Technical Debt & Trade-offs
Things I'd fix with more time:
-
Question quality variance: Gemini occasionally generates trivial or ambiguous questions. A human-in-the-loop review queue + community upvoting would improve this over time.
-
No offline support: If the Gemini API is down, the whole quiz pipeline fails. A local fallback model (even a small one) would improve resilience.
-
Transcript quality for non-English videos: Auto-generated captions in Hindi or Spanish are notably worse than English ones. The quiz quality degrades accordingly.
-
Session persistence: If you close the tab mid-video, your progress is partially lost. Proper session checkpointing would fix this.
Getting Started
# Clone the repo
git clone https://github.com/Prateek-Hitlikar/LingoLearn.git
cd LingoLearn
# Install dependencies
npm install
# Set up environment variables
cp .env.example .env.local
# Add your GEMINI_API_KEY, DATABASE_URL, NEXTAUTH_SECRET
# Run database migrations
npx prisma migrate dev
# Start development server
npm run devVisit http://localhost:3000, paste any YouTube URL, and try to stay focused.

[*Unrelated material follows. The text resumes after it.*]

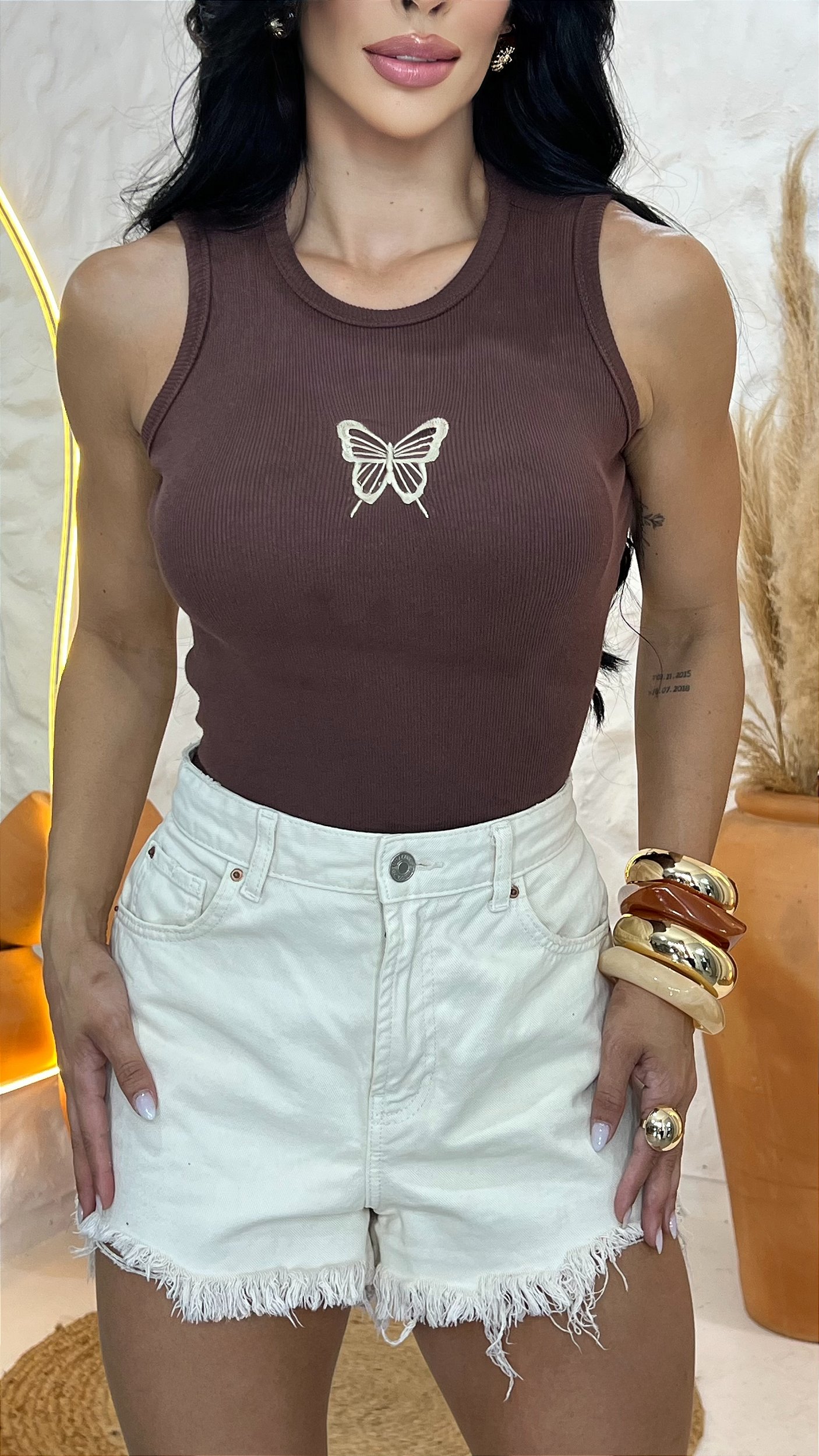 REGATA NA RIBANA BORDADA BORBOLETA-CHOCOLATE

Next Steps for Contributors
The project is open source and I'd love help with:
- Better question types: Right now it's only multiple choice. Fill-in-the-blank and short answer would test deeper recall.
- Spaced repetition integration: Connecting quiz history to an Anki-style review schedule.
- Mobile app: The web app works on mobile but a native experience would be smoother.
- Video platform support: Coursera, Udemy, and Vimeo all have learners who'd benefit from this.
Acknowledgments
Built during the Dev.to Hackathon (March 2025). Thanks to the organizers for the push, and to everyone who gave feedback during the 48-hour sprint.
If you've ever opened a tutorial and emerged 40 minutes later knowing more about penguins than the original topic — this one's for you.